- Leader: Charles Wereko-Brobby
- Chairman: Nii Armah Tagoe
- General Secretary: Eric Dutenya Kwabla
- Vice-Chairman: Bashiru Alhassan Daballi
- Treasurer: Lawrence Adotey Addo
- Youth Coordinator: Damasus Tuurosong
- Women’s Coordinator: Linda Awuah
- Campaign Coordinator: Prince Aboagye
- Founder: Charles Wereko-Brobby
- Founded: 1992
- Registered: 10 January 1997
- Dissolved: 2007
- Split from: New Patriotic Party
- Headquarters: Accra
- Colours: Blue, white and green
- Slogan: Grooming People for Ghana’s Development

Election symbol
- A clenched fist of the hand with the index and middle fingers raised together

= United Ghana Movement =

Political party in Ghana

The United Ghana Movement is a political party in Ghana. The founder is Charles Wereko-Brobby, formerly a leading member of the New Patriotic Party.

==Registration==
The party was officially registered with the Electoral Commission of Ghana as a political party in Ghana on 10 January 1997.

==Electoral performance==
===2000 elections===
The first general elections the party contested were the presidential and parliamentary elections of December 2000. Charles Wereko-Brobby stood for president on the party's ticket in December 2000 and came seventh with 0.3% of the popular vote. The party also contested the parliamentary elections in the same year but won no seats.

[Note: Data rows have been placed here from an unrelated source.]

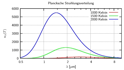 ab. Die Plancksche Strahlungsverteilung ist jedoch nicht konstant über alle Wellenlängen oder extrem schmal wie eine Spektrallinie: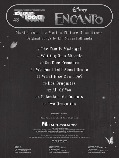 Encanto - Music from the Motion Picture Soundtrack E-Z Play Today #43 Publisher: Hal Leonard Category: Keyboard & Piano/Vocal/Guitar Series: E-Z Play Today Format: Softcover Now you can play the fun and infectious music from the...Regular price $17.99 -
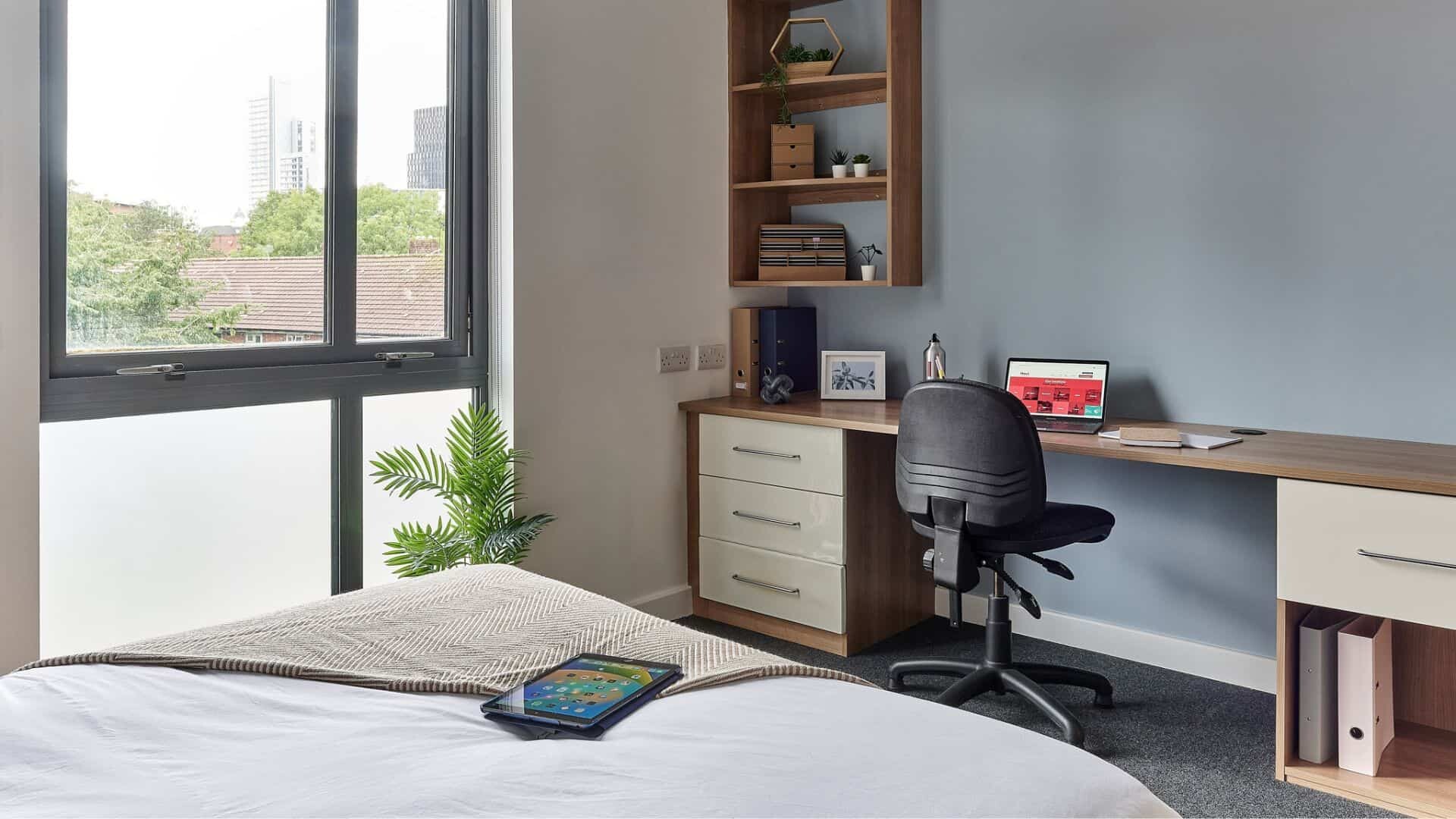 Cavendish Place Manchester offers a wide selection of thoughtfully designed room types, including modern en-suite rooms, self-contained studios, and private one-bedroom apartments. All rooms are equipped with a comfortable double bed, a desk and chair, a spacious wardrobe and drawers, an electric heater, and a bookshelf with a notice board. Additionally, bedside tables and under-bed storage cabinets provide extra storage space. The kitchen is fully equipped with an oven and stove, refrigerator, microwave, toaster, and kettle.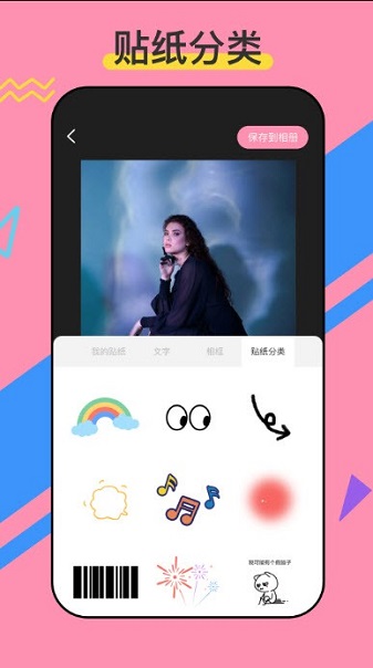 2、软件中的贴纸都是非常的齐全丰富的,各种不同风格的贴纸都是应有尽有的。

===Parliamentary elections===

| Election | Number of UGM votes | Share of votes | Seats | +/- | Position | Outcome of election |
|---|---|---|---|---|---|---|
| 2000 | 32,632 | 0.50% | 0 | — | 6th | Not represented in parliament |

===Presidential elections===

| Election | Candidate | Number of votes | Share of votes | Outcome of election |
|---|---|---|---|---|
| 2000 | Charles Wereko-Brobby | 22,123 | 0.34% | 7th of 7 |

==Party on vacation==
In 2002, the leader of the party, Wereko-Brobby announced that the party is on vacation.

==Symbols==
The party symbols are as follows:
- Motto - Growing people for Ghana's development.
- Symbol - A clenched fist of the hand with the index and middle fingers raised together.